* **WHAT IS NEEDED**
Omit the images and output every line of the data below exactly.

**** SOURCE DATA ****

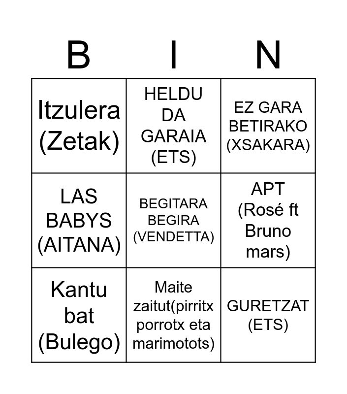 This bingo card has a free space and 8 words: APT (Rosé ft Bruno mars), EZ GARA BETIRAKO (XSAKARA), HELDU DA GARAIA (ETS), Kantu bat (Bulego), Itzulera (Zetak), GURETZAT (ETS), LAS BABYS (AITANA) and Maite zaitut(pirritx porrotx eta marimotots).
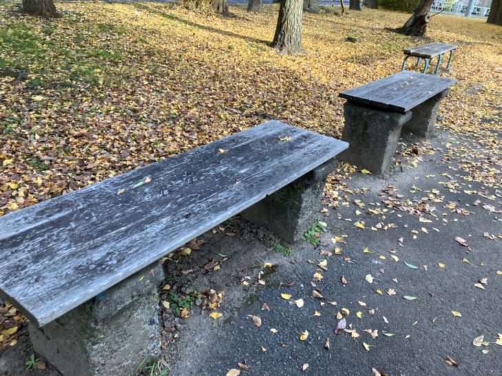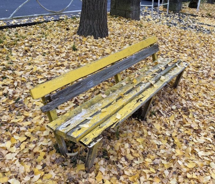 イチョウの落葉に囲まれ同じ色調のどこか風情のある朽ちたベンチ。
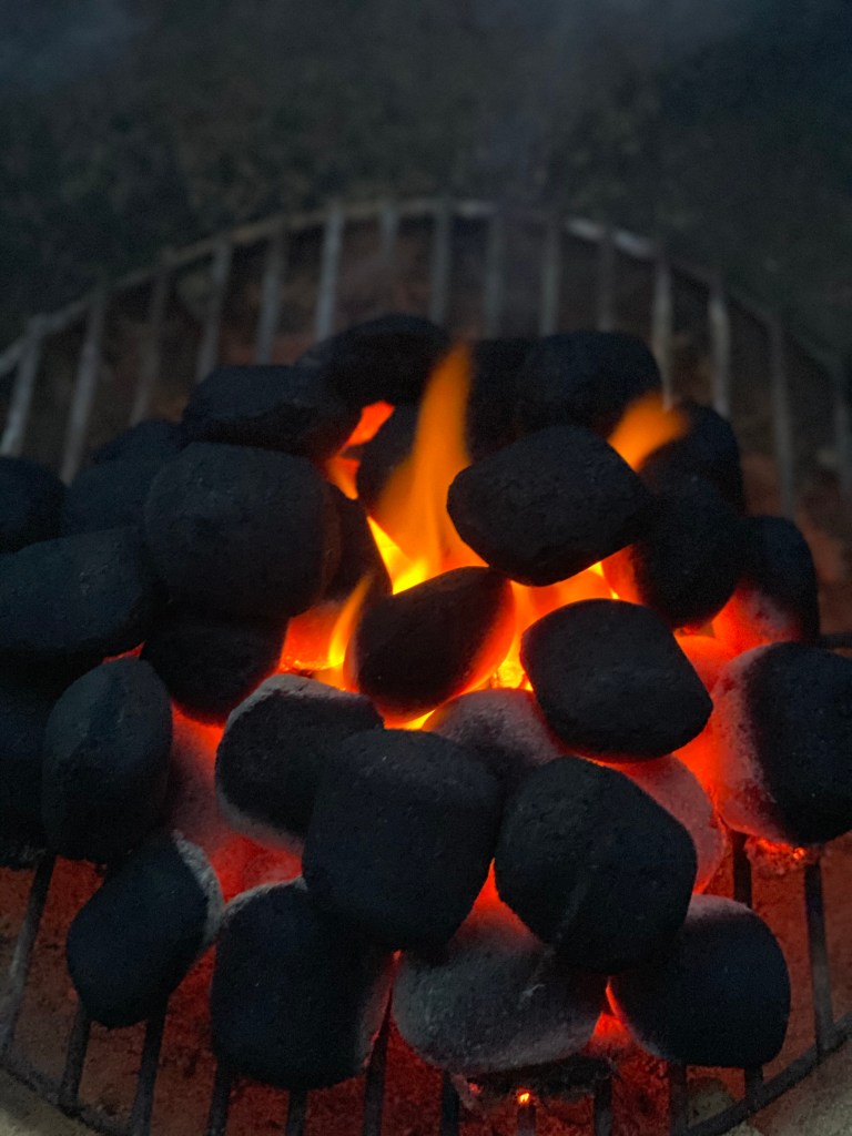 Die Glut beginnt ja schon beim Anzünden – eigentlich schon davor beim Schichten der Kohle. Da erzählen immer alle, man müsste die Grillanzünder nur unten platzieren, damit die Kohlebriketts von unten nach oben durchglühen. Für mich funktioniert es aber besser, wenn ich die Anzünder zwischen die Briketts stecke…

****

* **REPLY**
 This bingo card has a free space and 8 words: APT (Rosé ft Bruno mars), EZ GARA BETIRAKO (XSAKARA), HELDU DA GARAIA (ETS), Kantu bat (Bulego), Itzulera (Zetak), GURETZAT (ETS), LAS BABYS (AITANA) and Maite zaitut(pirritx porrotx eta marimotots).
 イチョウの落葉に囲まれ同じ色調のどこか風情のある朽ちたベンチ。
 Die Glut beginnt ja schon beim Anzünden – eigentlich schon davor beim Schichten der Kohle. Da erzählen immer alle, man müsste die Grillanzünder nur unten platzieren, damit die Kohlebriketts von unten nach oben durchglühen. Für mich funktioniert es aber besser, wenn ich die Anzünder zwischen die Briketts stecke…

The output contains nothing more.